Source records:
■ ■ ■

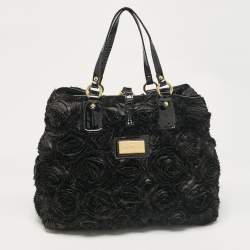 Valentino Multicolor Flower Applique Satin and Leather Tote
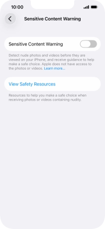 Press the indicator next to "Sensitive Content Warning" to turn the function on or off.
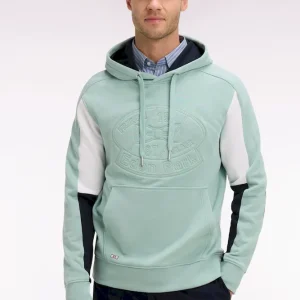 Sweatshirt à capuche en molleton coton vert d’eau brodé
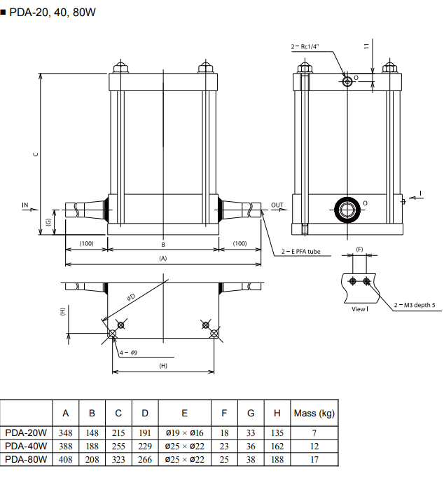 日本IWAKI磁力泵PDA-20W  PDA-40W  PDA-80W 尺寸:
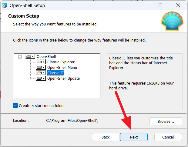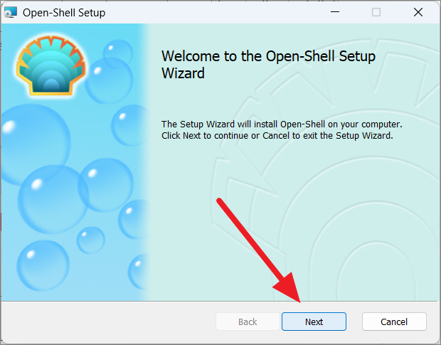 The Open Shell Setup wizard will launch. Click ‘Next’ on the welcome screen to begin.
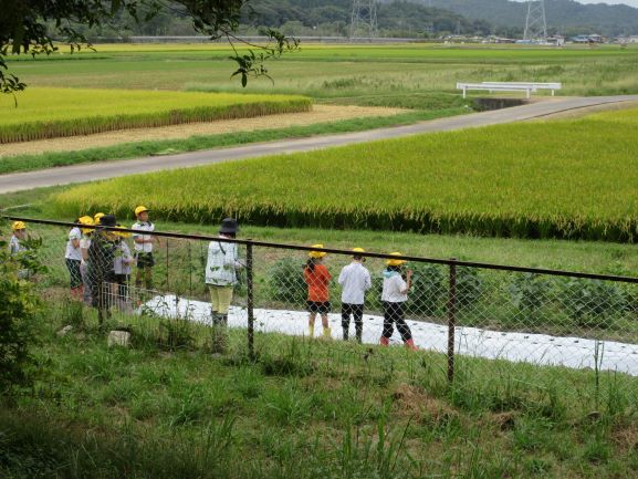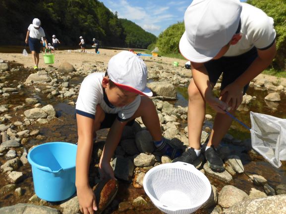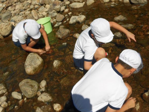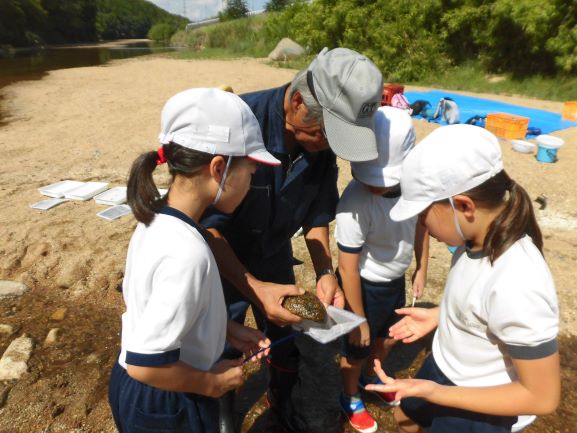 上田上コミュニティセンターの岩ア先生にご指導いただき、4年生が学区を流れる大戸川で自然体験学習を行いました。事前にお話を聴いてから、川に入り、水生昆虫やその他の生き物を見つけ、観察しました。暑さの心配もありましたが、水分補給等の休憩を挟んだり、少し時間を短縮したりして元気に学習をすることができました。見つけた生き物を岩ア先生に見ていただき、何という名前の生き物なのかを教えてもらっている子どもたちもいました。
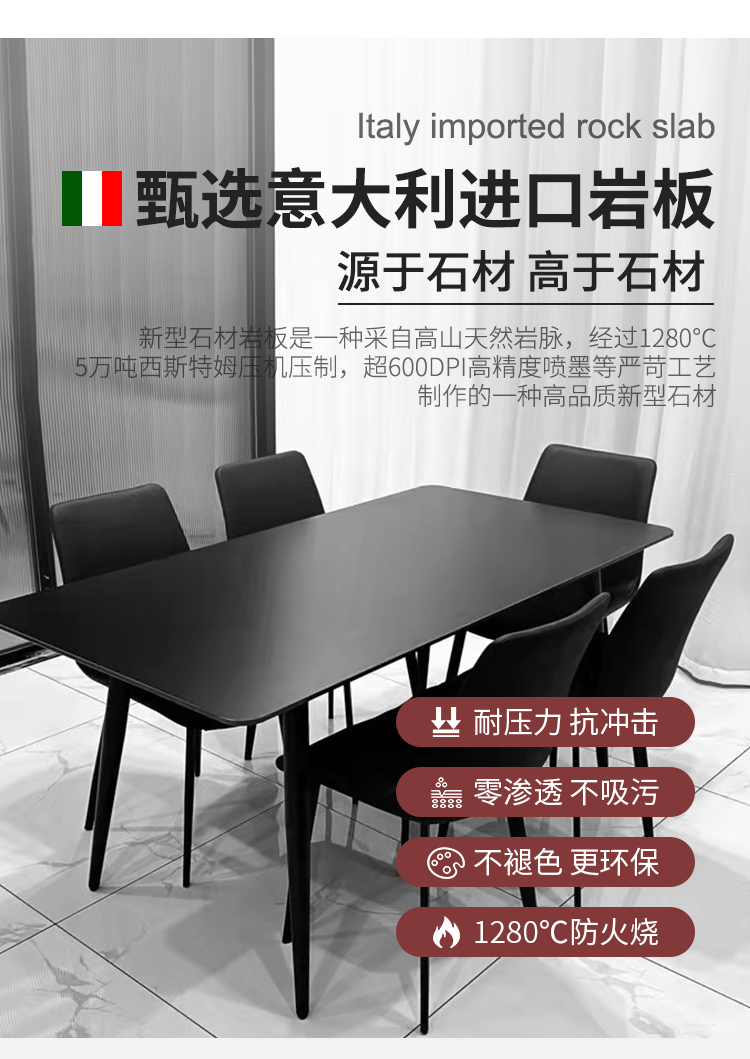 Phong cách Ý bàn ăn đá phiến đen tinh khiết căn hộ nhỏ nhà tối giản hình chữ nhật tối giản hiện đại tối giản bàn ăn lớn ghế màu đen 6/8 người là sản phẩm nổi bật trong dòng bàn ăn nhập khẩu, thiết kế hiện đại và sang trọng, phù hợp với nhiều không gian nội thất cao cấp.
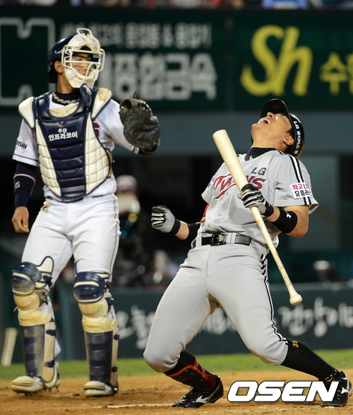 18일 오후 서울 잠실야구장에서 열린 '2012 팔도 프로야구' 두산 베어스와 LG 트윈스의 경기, 5회초 무사 1루 LG 이진영이 삼진으로 물러나며 아쉬워하고 있다.
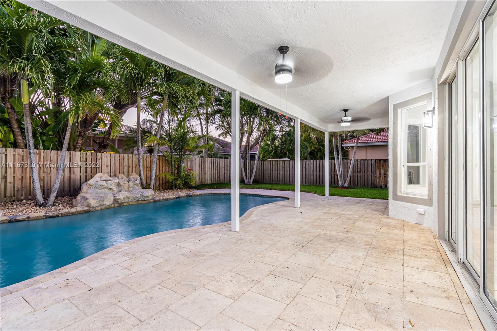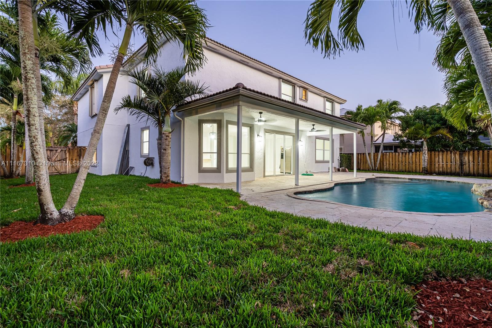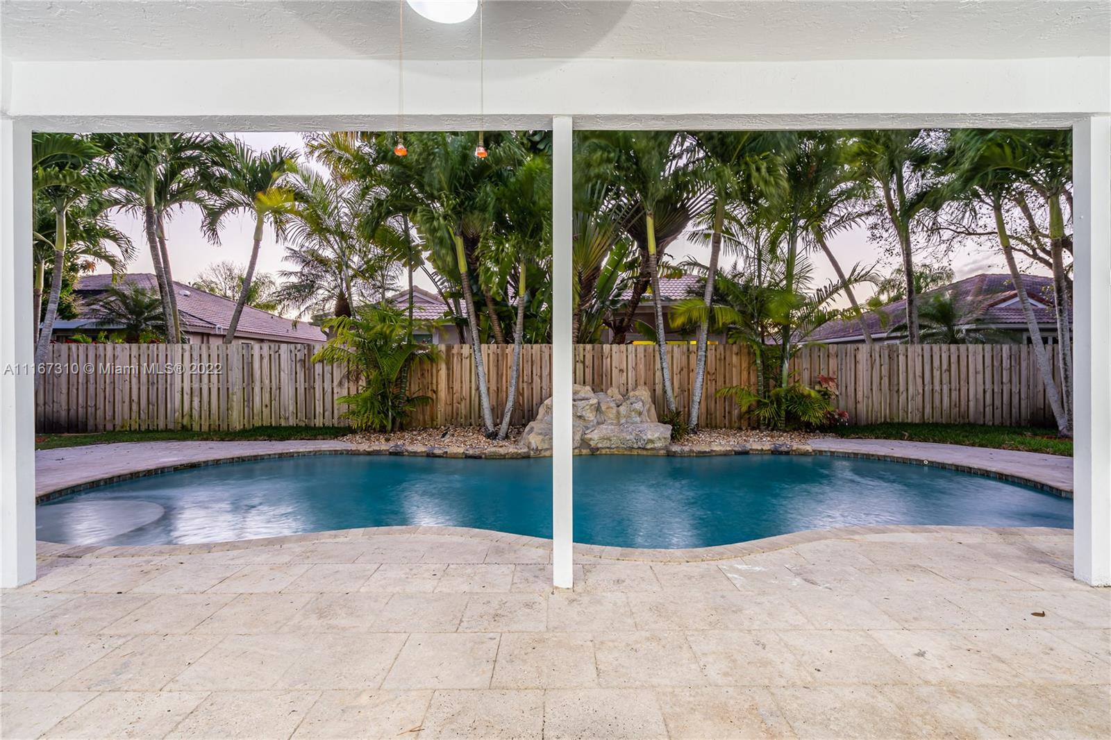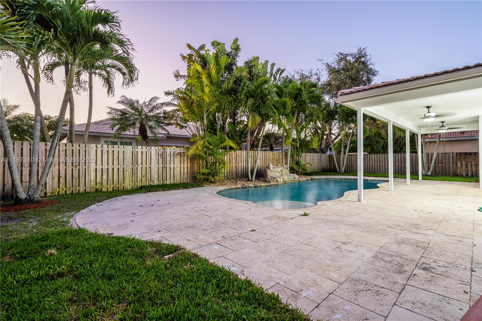 Beautiful updated home with a modern theme ready to move in featuring 4 bedrooms, 3 1/2 baths, and a 3 car garage on a quiet street in Pembroke Falls. This bright sunlit home features vaulted ceilings with an open living/dining area, a renovated kitchen with quartz countertops, and new SS appliances. Brand new light fixtures, porcelain tile floors and updated bathrooms. Home features large master suite with his and her walk-in closets. Step outside to your own private oasis featuring a heated pool and beautiful palm trees. Located at Pembroke Falls, a gated community, with amenities such as: Club house, large heated pool, tennis courts, basketball courts, and a park. A+ school district. Close to shopping centers, restaurants and more.

■ ■ ■

Your instructions = To complete this exercise, transcribe exactly the lines above from the one that holds "Sweatshirt à capuche" through the one that holds "18일 오후 서울 잠실야구장에서". Pictures stay out.

Solution to this task =
 Sweatshirt à capuche en molleton coton vert d’eau brodé
 日本IWAKI磁力泵PDA-20W  PDA-40W  PDA-80W 尺寸:
 The Open Shell Setup wizard will launch. Click ‘Next’ on the welcome screen to begin.
 上田上コミュニティセンターの岩ア先生にご指導いただき、4年生が学区を流れる大戸川で自然体験学習を行いました。事前にお話を聴いてから、川に入り、水生昆虫やその他の生き物を見つけ、観察しました。暑さの心配もありましたが、水分補給等の休憩を挟んだり、少し時間を短縮したりして元気に学習をすることができました。見つけた生き物を岩ア先生に見ていただき、何という名前の生き物なのかを教えてもらっている子どもたちもいました。
 Phong cách Ý bàn ăn đá phiến đen tinh khiết căn hộ nhỏ nhà tối giản hình chữ nhật tối giản hiện đại tối giản bàn ăn lớn ghế màu đen 6/8 người là sản phẩm nổi bật trong dòng bàn ăn nhập khẩu, thiết kế hiện đại và sang trọng, phù hợp với nhiều không gian nội thất cao cấp.
 18일 오후 서울 잠실야구장에서 열린 '2012 팔도 프로야구' 두산 베어스와 LG 트윈스의 경기, 5회초 무사 1루 LG 이진영이 삼진으로 물러나며 아쉬워하고 있다.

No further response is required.